Due chiarimenti si fanno imperativi: il primo riguarda il fatto che vadano ritenuti molto più attendibili i mistici, i teologi, i poeti, i filosofi o i letterati, quali interpreti della co-scienza, rispetto ai presunti specialisti del tema, gli “scienziati”, i riduzionisti barricati tra cervello e materia, piuttosto che “alla caccia” per l’universo. Come scrive Manly Palmer Hall in “Astrology and Reincarnation“: “I filosofi ermetici, i più saggi tra gli egiziani, possedevano una profonda conoscenza di questi misteri, e altrettanto facevano Pitagora, Platone e Aristotele, i più nobili pensatori tra i greci. I druidi della Britannia e i galli includevano entrambe la reincarnazione e l’astrologia tra i loro insegnamenti segreti.

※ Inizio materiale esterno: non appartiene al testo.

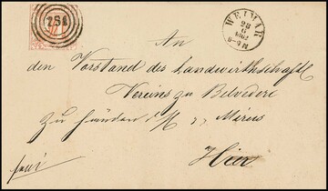 1/4 Sgr. rötlichorange, weitgehend voll- bis breitrandig, als gute Einzelfrankatur auf Pracht-Ortsbrief aus Weimar 1862 (K1 und NS "251")
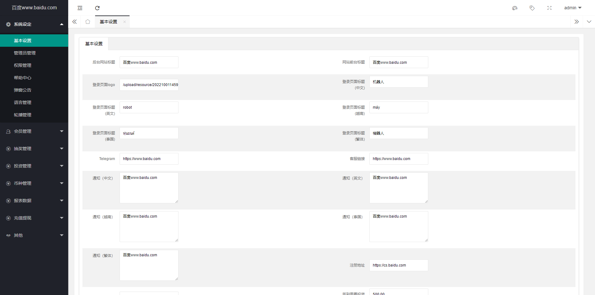 五种语言:简体中文+英文+越南语+泰语+繁体中文
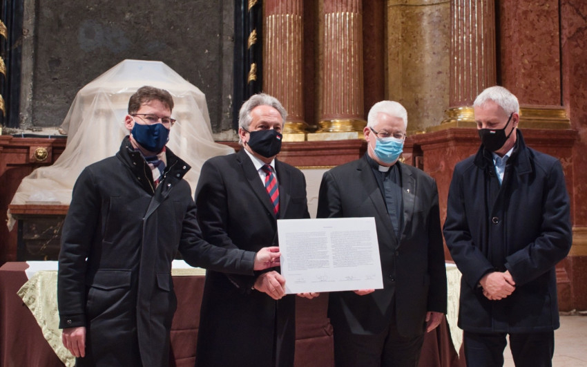 A köszöntők után került sor az időkapszulába készült dokumentum aláírására, amely a bazilikában végzett munkálatok előzményeiről és a renoválás eredményeiről szól. „A székesegyház belső felújítása Isten dicsőségére befejezéséhez közelít. 2022 februárjára elkészült 2000 négyzetméter falkép tisztítása és konzerválása, közel 1800 négyzetméter freskó esztétikai helyreállítása, közel 1500 négyzetméter műmárvány és stukkó felület, valamint a főoltárképpel együtt 66 négyzetméter vászonkép restaurálása. Elkészült a szószék helyreállítása, az altemplomban 136 sírtábla restaurálása. Az összes fából készült barokk szobor és az oltárképek kereteinek restaurálása is megtörtént.”

Questi nobili uomini, riveriti come i più saggi e virtuosi tra i mortali, non avrebbero mai potuto essere oggetto d’ignoranza o superstizione. In questi affari, perciò, dovremmo considerare le loro opinioni con il massimo della serietà.[1]“ Un’idea talmente radicata in Hall al punto da portarlo a scrivere la sceneggiatura di un film “When were you born? [2]” nel 1938 (unica produzione da lui realizzata e prodotta da Warner Bros), alla cui visione rimandiamo interessati o scettici. Ricordiamo ai lettori che se c’è un autore verso cui il padre della psicanalisi, Carl Gustav Jung, era in debito (e non solo Jung), quella persona era proprio Mr. Hall.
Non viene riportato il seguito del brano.